A Jen se le había perdido su maleta durante el tránsito entre Kenia - Suráfrica y Brasil, y como no tenía nada, luego de almorzar nos fuimos todos de compras, a conocer el centro de Sao Vicente que es la ciudad vecina de Santos, donde vive Herbert. Es una ciudad vecina, pero están pegadas, es como si la mitad de la ciudad es Santos y a partir de una calle X ya es Sao Vicente.
Fuimos a hacer las compras con la mama de Herbert, Lourdes, que no sabía ni ingles ni español. Y ninguno de nosotros hablaba portugués. La señora: divina, parecía nuestra mama. El clima no colaboraba, cada 10 minutos llovia por 15 minutos y luego escampaba y empezaba a llover de nuevo.
Luego de hacer mercado, fuimos a visitar un monumento que diseño Oscar Niemeyer, que es el mismo arquitecto que construyó los edificios famosos en Brasilia.
El monumento se construyó en conmemoración a los 500 años de fundación de la ciudad. Sao Vicente fue la primera ciudad de Brasil, y por eso es importante. Actualmente es la ciudad más cara de Brasil.
Olinda preparó mazamorra morada con sabor a uva. La preparó espesa, como para cucharear, y con frutas mezcladas. Deliciosa! Y de postre… Jose nos dio helado de Acai (se dice Asai) con leche condensada y granola de banano. Hablamos como 2 horas sobre comidas típicas. Muy entretenido.
Mientras nosotros nos divertíamos con nuestros papas temporales, Herbert fue a recoger a Vitor y a Amanda, ambos brasileros pero de diferentes regiones.
Cuando ya estábamos todos, hablamos un rato y luego nos fuimos a dormir. Había suficientes camas y colchones para organizar a toda la tropa. Ademas Linear y Shadreck se fueron a dormir en otra casa.
Al día siguiente, el plan de Juan Felipe y Olinda era madrugar a trotar hasta la playa, que quedaba más o menos a 20 minutos. Pero la verdad es que correr y yo no somos compatibles, así que me quede durmiendo. Cuando me levante, solo estaban por ahí Jen, Tshediso y Vitor, viendo fotos. Asi que banie y organice todo para ir a hacer mercado, para el almuerzo y para el desayuno.
Ibamos a salir con Vitor, pero apareció Jose, y nos dijo que cerca no había nada, que el nos llevaba a comprar las verduras y las frutas.
Entonces conocimos a Robinho, el carro mas viejo de la casa! Anotación: le tienen nombre a todos sus vehículos. El caso es que nos llevó a un mercado abierto, que es una calle, con puestos de frutas, verduras, pescados y hasta especias. Aquí se llama Feira, y es como dos cuadras de larga. Según mi percepción estas cosas ya desaparecieron o tienen los días contados en Colombia, hace mucho que no veo mercados de estos en las calles y creo que nunca vi uno tan largo. Al menos en Bogotá.

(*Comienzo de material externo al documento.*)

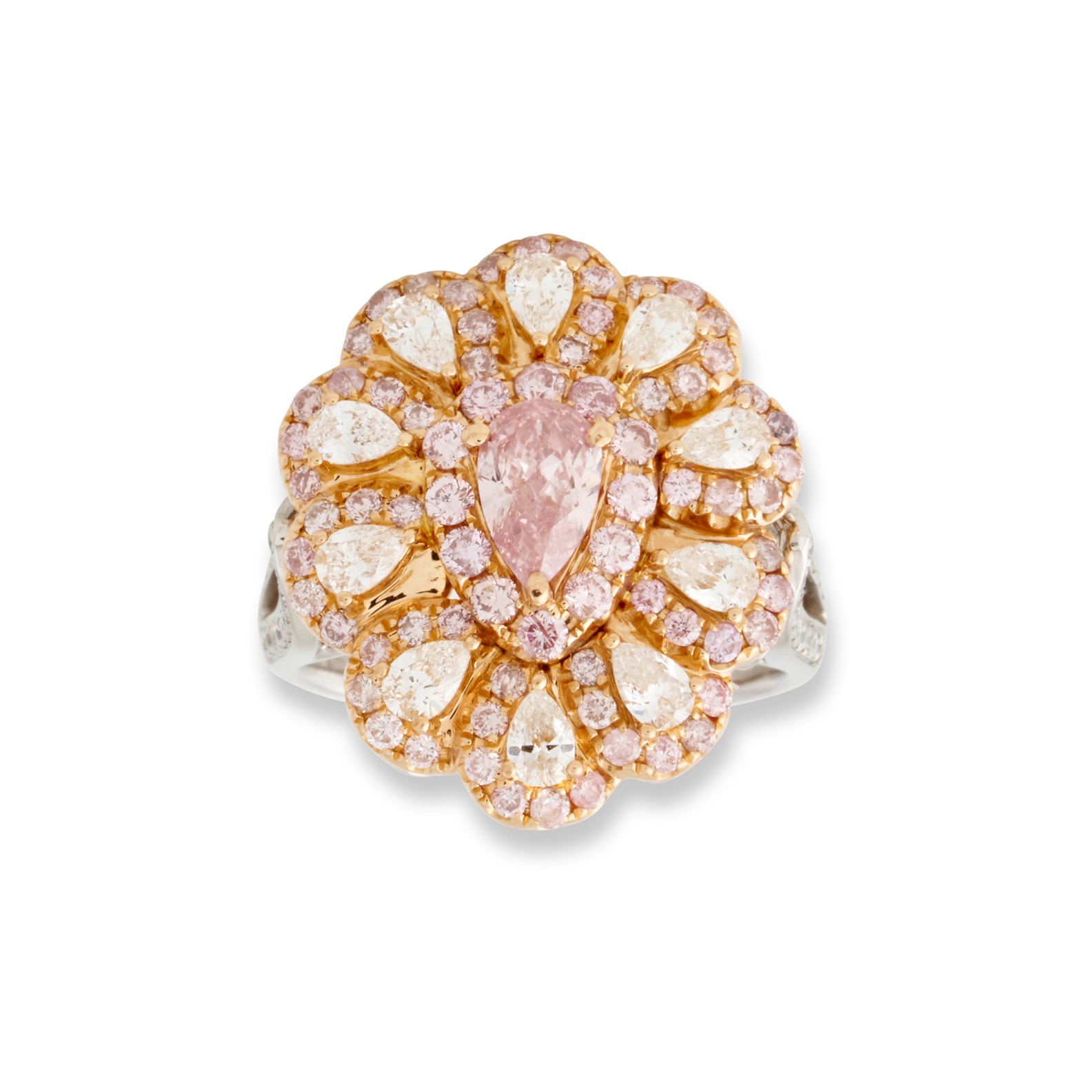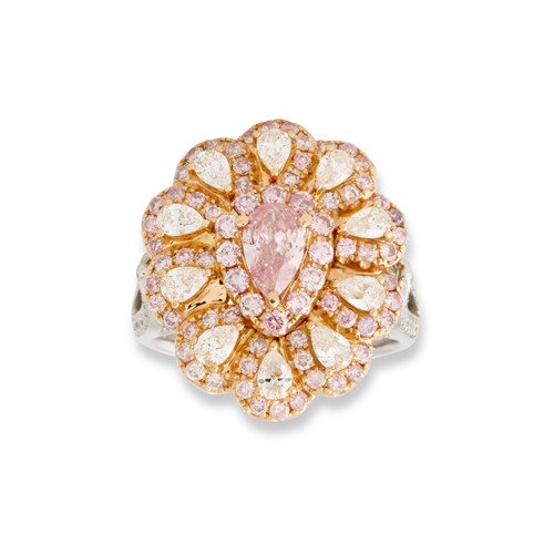 Of cluster design, centring a claw-set pear modified brilliant-cut fancy intense pink diamond weighing 0.53 carats, framed by a halo of fancy light pink brilliant-cut diamonds further bordered by a line of near colourless pear-shaped diamonds framed by pink diamonds, between openwork shoulders pavé-set with near colourless brilliant-cut diamonds, the near colourless and fancy light pink diamonds together weighing 0.88 carats and 0.84 carats respectively, mounted in platinum and 18ct gold, ring size L, gross weight approximately 10.0 grams.

Jose es un hombre muy popular, cada dos pasos lo saludaba la gente, y no solo en el mercado, en todos los lugares donde estuvimos.
Cuando por fin compramos lo que necesitábamos, nos fuimos para la casa, pero Jose decidió que quería que conociéramos la fuente de la eterna juventud. Es un nacimiento de agua del que dicen que si uno bebe, será joven eternamente.
Finalmente llegamos a casa, y preparamos un pillao (se dice pilao), o pulao, o pilaf, que es un arroz frito con vegetales. Esta vez, versión de Kenya.
Quedo rico, almorzamos todos juntos y nos preparamos para llegar a CEFAS a nuestro primer dia de GSA.
domingo, 2 de enero de 2011
Brasil, aqui vou eu!
Diciembre se pasó volando. En un par de horas estaré en el aeropuerto lista para viajar a Brasil. En este momento estoy totalmente convencida de que cuando se tiene una intención y se decide lanzarse al vacío creyendo firmemente que se puede volar, es posible!